• [WHAT THE TASK ASKS]:
When you copy the material below, keep every line exact and drop the pictures.

• [DATA SECTION]:
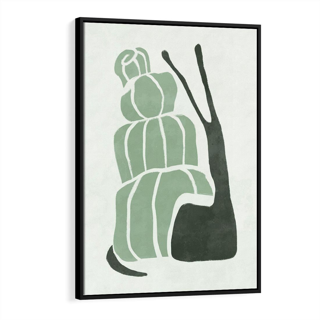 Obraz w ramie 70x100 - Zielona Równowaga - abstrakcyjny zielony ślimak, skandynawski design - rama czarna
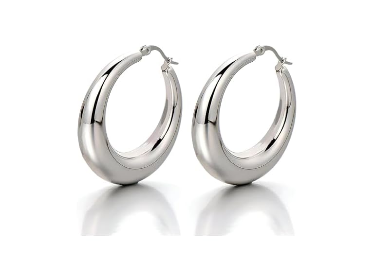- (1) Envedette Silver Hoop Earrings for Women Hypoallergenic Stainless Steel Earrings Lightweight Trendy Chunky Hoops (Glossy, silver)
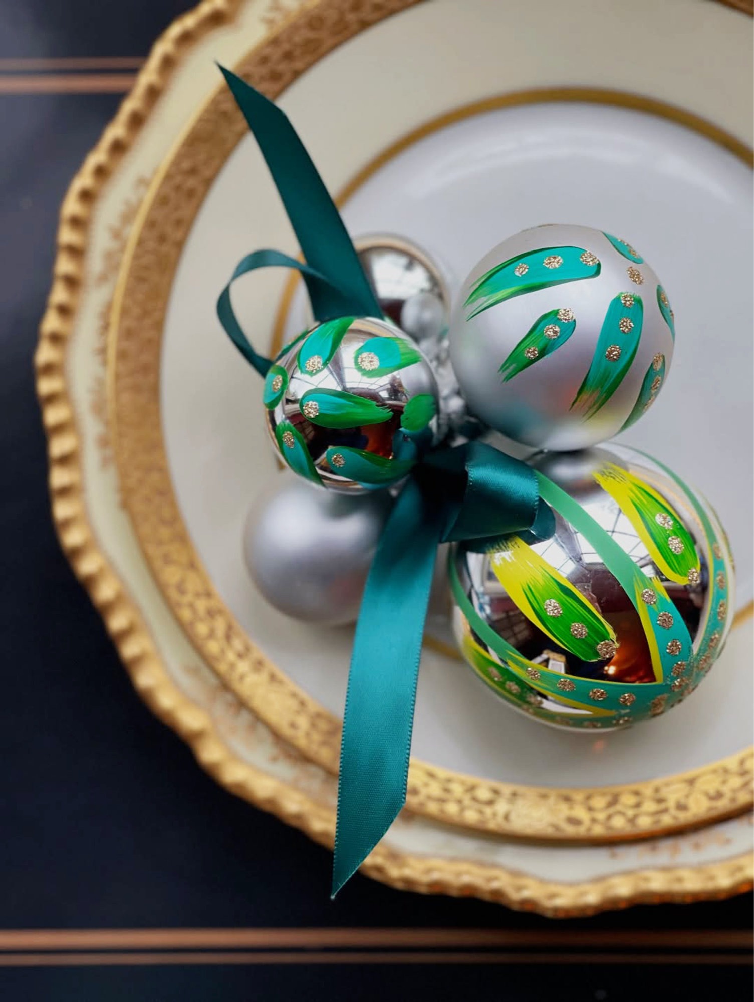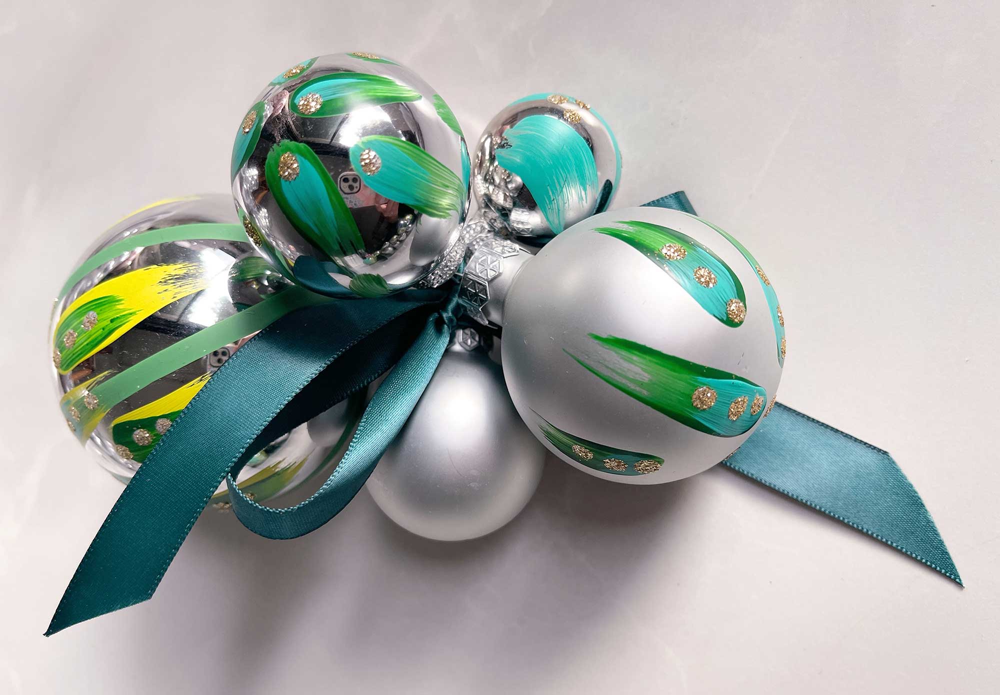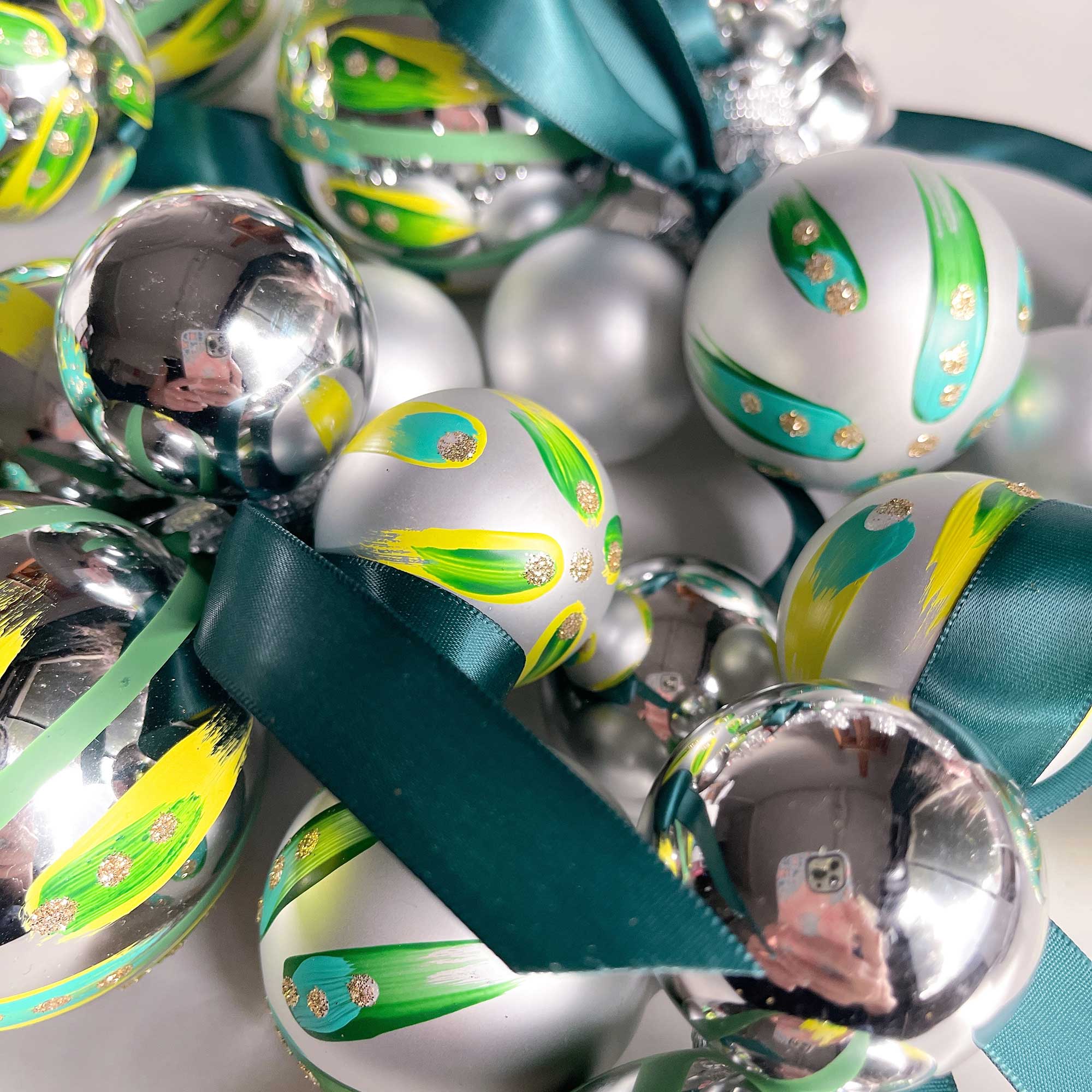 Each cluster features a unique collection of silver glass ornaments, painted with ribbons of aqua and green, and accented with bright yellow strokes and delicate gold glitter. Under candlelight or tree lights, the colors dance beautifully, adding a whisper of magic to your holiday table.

• [REPLY TO THE EXERCISE]:
 Obraz w ramie 70x100 - Zielona Równowaga - abstrakcyjny zielony ślimak, skandynawski design - rama czarna
- (1) Envedette Silver Hoop Earrings for Women Hypoallergenic Stainless Steel Earrings Lightweight Trendy Chunky Hoops (Glossy, silver)
 Each cluster features a unique collection of silver glass ornaments, painted with ribbons of aqua and green, and accented with bright yellow strokes and delicate gold glitter. Under candlelight or tree lights, the colors dance beautifully, adding a whisper of magic to your holiday table.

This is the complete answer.